Combine two ordered linked lists
Problem Description
Combine two ascending linked lists into a new ascending linked list and return. The new linked list is composed by splicing all the nodes of the given two linked lists.
Problem-solving ideas
The first thing that comes to mind is to scan the nodes of L1 one by one. For each node, find the position where the former is less than or equal to it and the latter is greater than it in L2, and insert the node of L1 into it. To this end, you need to add a head node to L2, the value of the head node is assigned to -101, that is, the minimum value of the node given by the title -1. But I couldn't achieve it with code...
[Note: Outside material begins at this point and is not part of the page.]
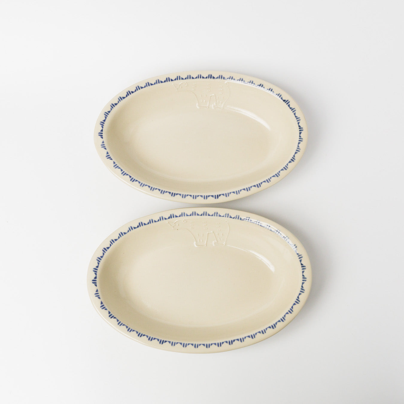 イッチン技法で描かれたシロクマが印象的なオーバル皿。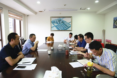 圖為集團(tuán)副董事長(zhǎng)、總經(jīng)理張建平認(rèn)真聽(tīng)取相關(guān)人員下階段工作安排匯報(bào)

The following is from the official solution:
Iterative method:
Set a sentinel node prehead for the final return result. Maintain a prev pointer, and point its next to the node with the smaller value of the current l1 and l2 each time, and repeat until l1 or l2 points to null. At the end, the linked list that has not been traversed is connected to the end.
class Solution {
public:
ListNode* mergeTwoLists(ListNode* l1, ListNode* l2) {
ListNode* preHead = new ListNode(-1);
ListNode* prev = preHead;
while (l1 != nullptr && l2 != nullptr) {
if (l1->val < l2->val) {
prev->next = l1;
l1 = l1->next;
} else {
prev->next = l2;
l2 = l2->next;
}
prev = prev->next;
}
// 合并后 l1 和 l2 最多只有一个还未被合并完,我们直接将链表末尾指向未合并完的链表即可
prev->next = l1 == nullptr ? l2 : l1;
return preHead->next;
}
};
Recursion:
Here is an interesting thing to share first, the recursive debugging method shared by the big guys seen in the public account, although it is not used in this question, but it does not affect my thinking about it- recursive debugging tips .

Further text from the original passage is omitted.